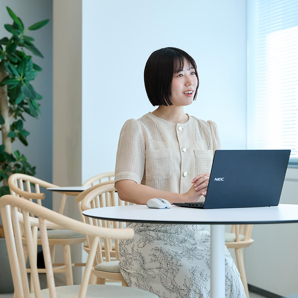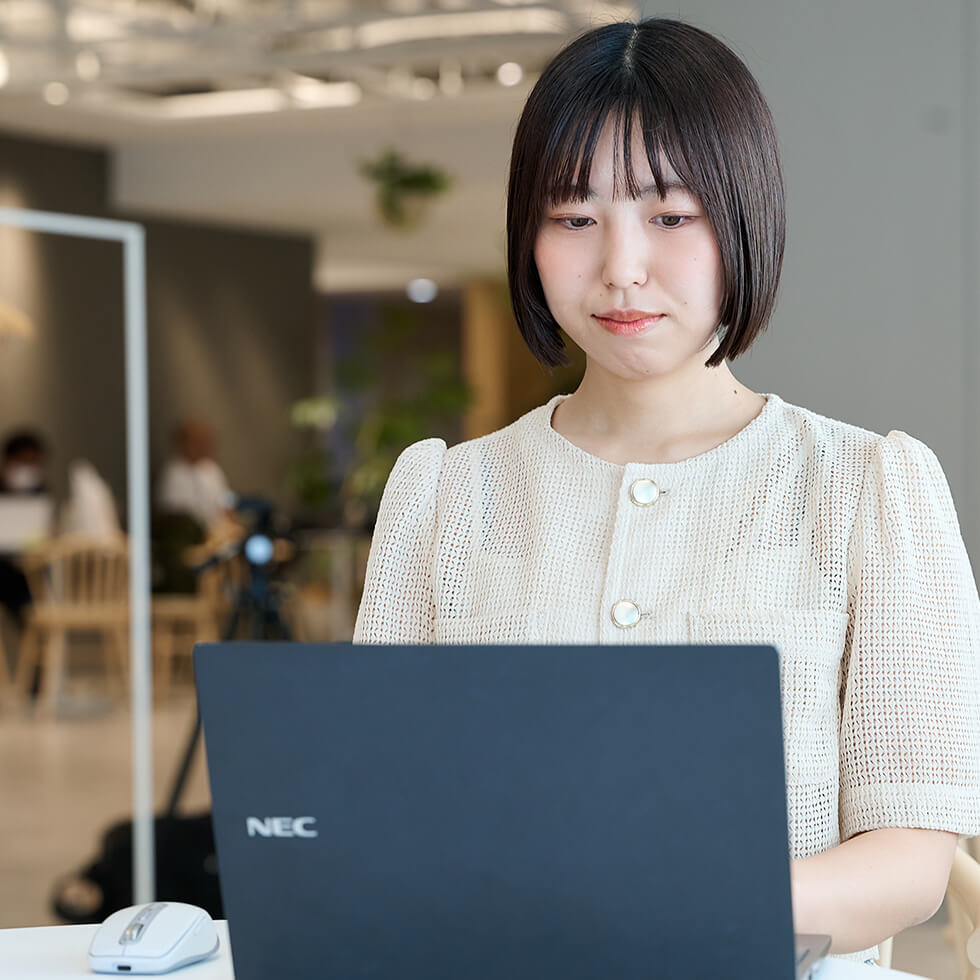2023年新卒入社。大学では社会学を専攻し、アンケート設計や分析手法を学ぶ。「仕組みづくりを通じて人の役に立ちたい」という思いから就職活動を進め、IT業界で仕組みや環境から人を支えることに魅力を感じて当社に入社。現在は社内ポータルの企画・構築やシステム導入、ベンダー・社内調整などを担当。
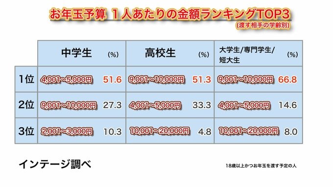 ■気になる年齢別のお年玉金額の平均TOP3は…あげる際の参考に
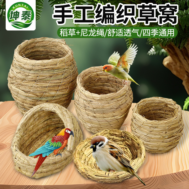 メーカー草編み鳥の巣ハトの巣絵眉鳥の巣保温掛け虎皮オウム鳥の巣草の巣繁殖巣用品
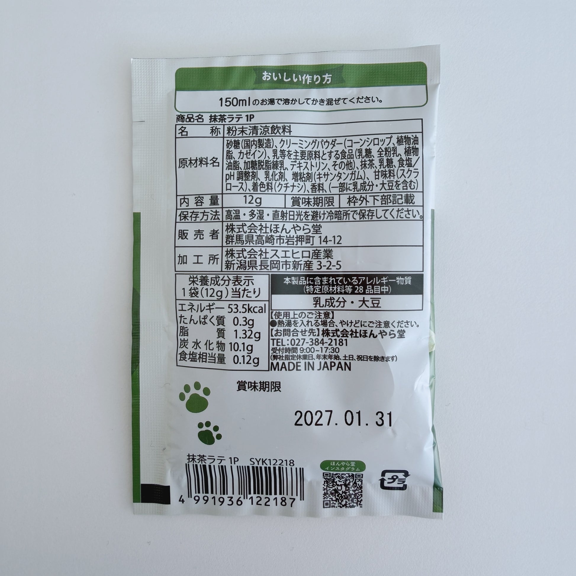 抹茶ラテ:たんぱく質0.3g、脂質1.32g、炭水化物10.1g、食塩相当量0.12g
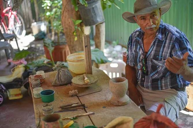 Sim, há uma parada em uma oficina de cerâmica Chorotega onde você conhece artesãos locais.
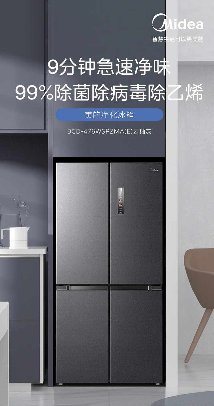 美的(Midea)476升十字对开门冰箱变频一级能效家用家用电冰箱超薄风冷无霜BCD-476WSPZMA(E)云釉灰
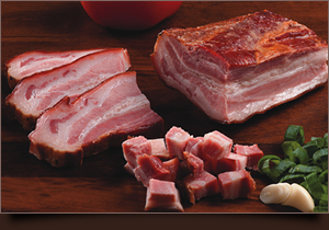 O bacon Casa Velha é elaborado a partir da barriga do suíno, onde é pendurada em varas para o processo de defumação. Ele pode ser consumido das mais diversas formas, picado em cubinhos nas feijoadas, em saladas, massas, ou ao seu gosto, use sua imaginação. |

-----

PROBLEM DESCRIPTION: Everything from the line containing "メーカー草編み鳥の巣ハトの巣絵眉鳥の巣保温掛け虎皮オウム鳥の巣草の巣繁殖巣用品" to the last line of the records above should be reproduced exactly, except the pictures.

TASK RESPONSE:
 メーカー草編み鳥の巣ハトの巣絵眉鳥の巣保温掛け虎皮オウム鳥の巣草の巣繁殖巣用品
 抹茶ラテ:たんぱく質0.3g、脂質1.32g、炭水化物10.1g、食塩相当量0.12g
 Sim, há uma parada em uma oficina de cerâmica Chorotega onde você conhece artesãos locais.
 美的(Midea)476升十字对开门冰箱变频一级能效家用家用电冰箱超薄风冷无霜BCD-476WSPZMA(E)云釉灰
 O bacon Casa Velha é elaborado a partir da barriga do suíno, onde é pendurada em varas para o processo de defumação. Ele pode ser consumido das mais diversas formas, picado em cubinhos nas feijoadas, em saladas, massas, ou ao seu gosto, use sua imaginação. |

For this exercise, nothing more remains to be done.